Клод молча перевел глаза на Фажероля. Он не пал духом под градом насмешек, всего лишь побледнел да губы у него нервно подергивались; он ведь для всех был незнакомцем, бичевали не его самого, а его творение. Он вновь взглянул на свою картину, затем медленно обвел взглядом другие, висевшие в этом же зале. Все его иллюзии погибли, самолюбие было глубоко уязвлено, и все же, глядя на эту живопись, столь отчаянно веселую, с необузданной страстью ринувшуюся на приступ дряхлой рутины, он как бы вдохнул мужество и почувствовал прилив юношеского задора.

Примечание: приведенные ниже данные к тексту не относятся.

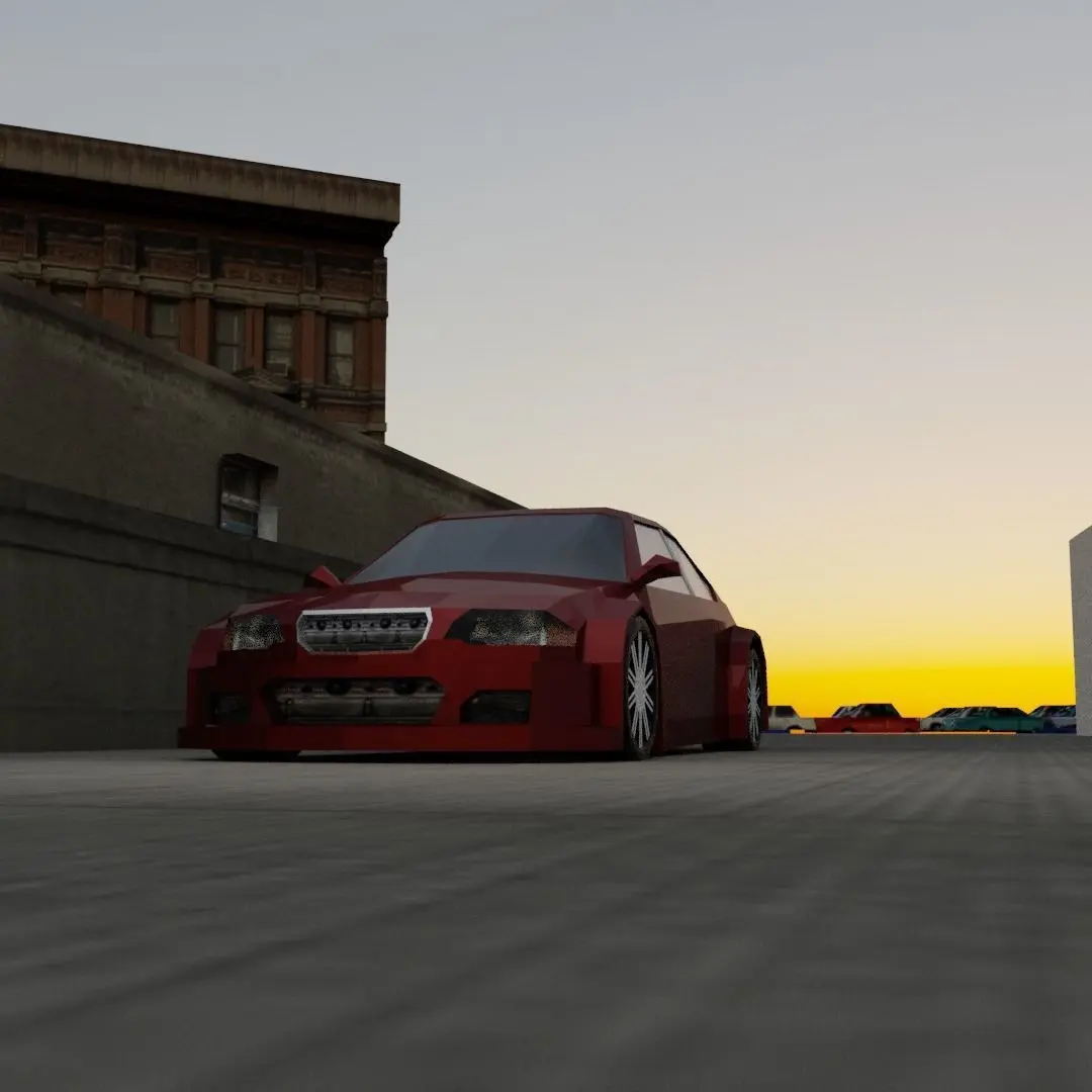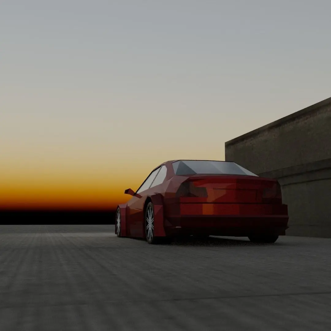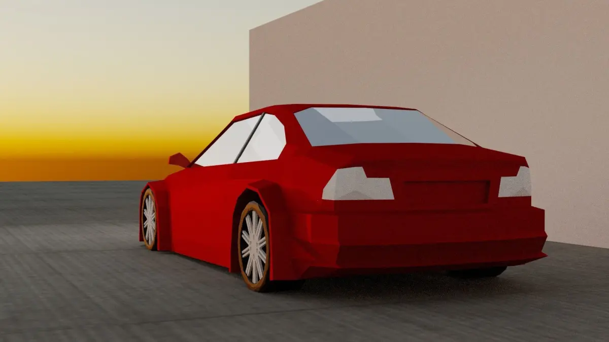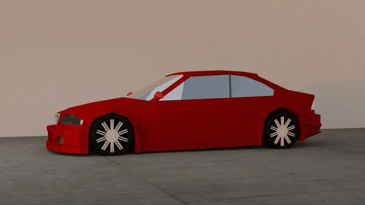 low poly race car for racing games, wheels are separated, car has very low poly interior, doors open, hood and trunk open, front and rear bumper separated

Он утешился и ободрился: никаких угрызений, никакого раскаяния, наоборот, в нем возросло желание еще сильнее раздразнить публику. Конечно, в его картине можно найти много погрешностей, много ребячливости, но как красив общий тон, как изумительно найдено освещение, серебристо-серое, тонко рассеянное, наполненное, во всем их разнообразии, танцующими рефлексами пленэра! Его картина была подобна взрыву в старом чане для варки асфальта, из которого хлынула грязная жижа традиций, а навстречу ей ворвалось солнце, и стены Салона в это весеннее утро заискрились смехом! Светлая тональность картины, эта синева, над которой так издевалась публика, сверкала и искрилась, выделяя ее среди других полотен. Не наступил ли наконец долгожданный рассвет, нарождающийся день нового искусства? Клод заметил критика, который с интересом, без смеха, разглядывал его картину; знаменитые художники, с важным видом, в котором читалось изумление, тоже стояли тут; неряшливый грязный папаша Мальгра, с брезгливой гримасой тонкого ценителя расхаживая от полотна к полотну, перед его картиной стоял сосредоточенно и неподвижно. Наконец Клод повернулся к Фажеролю и сразил его своим запоздалым ответом:

— Каждый глуп на свой лад, мой дорогой, надо надеяться, что я навсегда останусь глупцом… Если ты ловкач, тем лучше для тебя!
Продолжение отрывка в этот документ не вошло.